Zudem sollten vergangene Erfolgsgeschichten stets hinterfragt und in Bezug zur Gesamtzahl gesetzt werden. Sind diese Erfolge in der entsprechenden Branche sehr häufig oder eher die Ausnahme?

Eine konkrete Strategie ist das systematisierte Investieren. Hier verwenden Investoren feste Regelwerke, um ihre Investitionsentscheidungen zu tätigen.

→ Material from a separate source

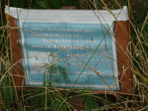 ボランティアさんの手によって、秋には『彼岸花(曼珠沙華)の径(みち)』が入間川河川敷に出来ます。下草を刈らないと、彼岸花がヒョロヒョロになり、育ちにくい。

Sie lassen sich nicht von vergangenen Erfolgen beeindrucken und setzen stattdessen auf vorab festgelegte Regeln, damit Verzerrungen schwieriger eintreten können. 

Auch ein ausreichendes Risikomanagement gehört dazu. Ein Beispiel bieten Fundamentalanalysen, die konkrete Zahlen berücksichtigen und sich nicht nur auf die Vergangenheit eines Unternehmens oder einer Branche stützen.

Fazit: Survivorship Bias beim Investieren

Kognitive Verzerrungen spielen im Alltag eine wichtige Rolle. Es können fehlerhafte Neigungen in Bezug auf das Denken, die Wahrnehmung, das Erinnern oder Urteilen entstehen. Ein beeindruckendes Beispiel hierfür ist der Survivorship Bias, bei dem Personen sich lediglich auf Erfolge fokussieren und Misserfolge nicht ausreichend berücksichtigen, was zu unrealistischen und fehlerhaften Einschätzungen führt.

Solche Verzerrungen spielen auch an der Börse bei Anlegern eine wichtige Rolle. Beispielsweise kaufen manche Investoren bevorzugt Wachstumsaktien, die sie mit hervorstechenden Erfolgsgeschichten einiger weniger Unternehmen berücksichtigen. Hierbei werden Misserfolge von einer Vielzahl an anderen Konzernen nicht beachtet. 

Lassen sich Anleger vom Survivorship Bias beeinflussen, kann es zu irrationalen Einschätzungen und damit verbundenen Verlusten kommen. Ein besseres Verständnis der kognitiven Verzerrung kann demnach helfen, die eigenen Anlageentscheidungen zu optimieren. Das funktioniert beispielsweise durch Einsetzen der Fundamentalanalyse und systematisiertes Investieren, um solche Gefahren zu reduzieren.

FAQ – Häufig gestellte Fragen

Was ist der Survivorship Bias?

Der Survivorship Bias ist ein Beispiel für eine kognitive Verzerrung. Kognitive Verzerrungen sind Phänomene aus der Kognitionspsychologie, die fehlerhafte Neigungen beschreiben. Personen fokussieren sich beim Survivorship Bias auf Erfolgsgeschichten, während Misserfolge nicht berücksichtigt werden. Das kann zu fehlerhaften Einschätzungen und unrealistischen Erwartungen führen.

Wo spielt der Survivorship Bias an der Börse eine Rolle?

An einigen konkreten Beispielen lässt sich das Phänomen im Börsenalltag beobachten. Anleger begründen Käufe von Wachstumsaktien mit erfolgreichen Beispielen aus der Vergangenheit und lassen Fehlversuche außer Acht. Bei der Analyse der Gesamtperformance von Investmentfonds werden geschlossene oder unterdurchschnittliche Fonds oftmals nicht berücksichtigt. Zudem kommt es zu einer Zuschreibung einer hohen Qualität von Unternehmen, die in Indizes enthalten sind. Diese können auch aus dem Index herausfallen, was selten bedacht wird.

Wie kann ich den Survivorship Bias beim Investieren vermeiden?

Ein besseres Verständnis des Survivorship Bias kann helfen, bessere und fundiertere Anlageentscheidungen zu treffen und Verluste aufgrund solcher fehlerhaften Neigungen zu vermeiden. Dazu sollten sich Anleger ans systematisierte Investieren halten, ein ausreichendes Risikomanagement betreiben und die Fundamentalanalyse berücksichtigen. Es sollte stets auf vollständige Datensätze geachtet werden, die Misserfolge beinhalten.